Transformation tasks convert legacy data into FOLIO format. Their reports focus on mapping statistics and data validation.

#### BibsTransformer
Transforms MARC bibliographic records to FOLIO Instance records.

| Report Section | Description |
|----------------|-------------|
| GeneralStatistics | Record counts, files processed |
| RecordStatus | Breakdown by MARC Leader/05 status |
| RecourceTypeMapping | Instance type mappings from 336 field |
| InstanceFormat | Format mappings |
| MappedIdentifierTypes | Identifier type usage |
| MappedContributorTypes | Contributor type mappings |
| PrecedingSuccedingTitles | Linked title relationships |

#### HoldingsMarcTransformer
Transforms MFHD (MARC Holdings) records to FOLIO Holdings records.

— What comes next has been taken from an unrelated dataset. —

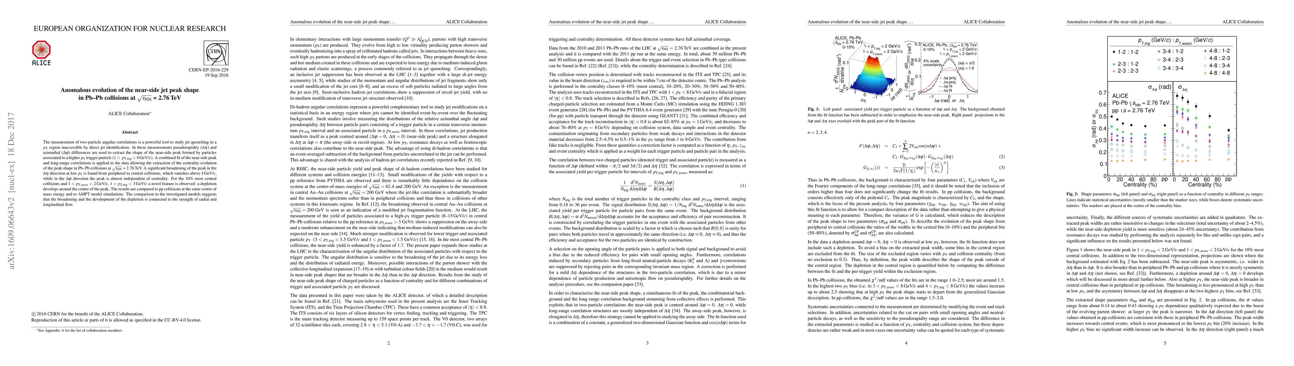 The measurement of two-particle angular correlations is a powerful tool to study jet quenching in a $p_{\mathrm{T}}$ region inaccessible by direct jet identification. In these measurements pseudorapidity ($\Delta\eta$) and azimuthal ($\Delta\varphi$) differences are used to extract the shape of the near-side peak formed by particles associated to a higher $p_{\mathrm{T}}$ trigger particle ($1 < p_{\mathrm{T, trig}} <$ 8 GeV/c). A combined fit of the near-side peak and long-range correlations is applied to the data allowing the extraction of the centrality evolution of the peak shape in Pb-Pb collisions at $\sqrt{s_{\mathrm{NN}}}$ = 2.76 TeV. A significant broadening of the peak in the $\Delta\eta$ direction at low $p_{\mathrm{T}}$ is found from peripheral to central collisions, which vanishes above 4 GeV/c, while in the $\Delta\varphi$ direction the peak is almost independent of centrality. For the 10% most central collisions and $1 < p_{\mathrm{T, assoc}} <$ 2 GeV/c, $1 < p_{\mathrm{T, trig}} <$ 3 GeV/c a novel feature is observed: a depletion develops around the centre of the peak. The results are compared to pp collisions at the same centre of mass energy and to AMPT model simulations. The comparison to the investigated models suggests that the broadening and the development of the depletion is connected to the strength of radial and longitudinal flow.

| Report Section | Description |
|----------------|-------------|
| GeneralStatistics | Record counts |
| HoldingsTypeMapping | Holdings type assignments |
| LocationMapping | Location code mappings |
| CallNumberTypeMapping | Call number type usage |

#### HoldingsCsvTransformer
Transforms CSV/TSV holdings data to FOLIO Holdings records.

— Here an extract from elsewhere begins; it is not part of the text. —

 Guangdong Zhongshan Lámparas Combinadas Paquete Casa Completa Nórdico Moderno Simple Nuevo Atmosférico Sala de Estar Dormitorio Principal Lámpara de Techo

| Report Section | Description |
|----------------|-------------|
| GeneralStatistics | Record counts, merging statistics |
| LocationMapping | Location mappings |
| HoldingsTypeMapping | Holdings type assignments |

#### ItemsTransformer
Transforms legacy item data to FOLIO Item records.

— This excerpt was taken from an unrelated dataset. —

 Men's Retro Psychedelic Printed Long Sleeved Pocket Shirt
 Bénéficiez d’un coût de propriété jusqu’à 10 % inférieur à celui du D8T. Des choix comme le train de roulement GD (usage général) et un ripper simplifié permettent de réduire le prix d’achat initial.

| Report Section | Description |
|----------------|-------------|
| GeneralStatistics | Record counts |
| MaterialTypeMapping | Material type mappings |
| LoanTypeMapping | Loan type mappings |
| ItemStatusMapping | Status mappings |
| LocationMapping | Effective location mappings |

#### UserTransformer
Transforms patron/user data to FOLIO User records.

| Report Section | Description |
|----------------|-------------|
| GeneralStatistics | Record counts |
| PatronGroupMapping | Patron group assignments |
| AddressTypeMapping | Address type mappings |
| DepartmentMapping | Department mappings |

#### OrganizationTransformer
Transforms vendor/organization data for acquisitions.

| Report Section | Description |
|----------------|-------------|
| GeneralStatistics | Record counts |
| OrganizationTypeMapping | Organization type assignments |

#### OrdersTransformer
Transforms purchase order data.

| Report Section | Description |
|----------------|-------------|
| GeneralStatistics | Order and order line counts |
| OrderTypeMapping | Order type assignments |
| AcquisitionMethodMapping | Acquisition method mappings |

#### ManualFeeFinesTransformer
Transforms fee/fine data.

| Report Section | Description |
|----------------|-------------|
| GeneralStatistics | Record counts |
| FeeFineTypeMapping | Fee/fine type mappings |

### Loading Tasks

#### BatchPoster
Posts transformed records to FOLIO via batch APIs.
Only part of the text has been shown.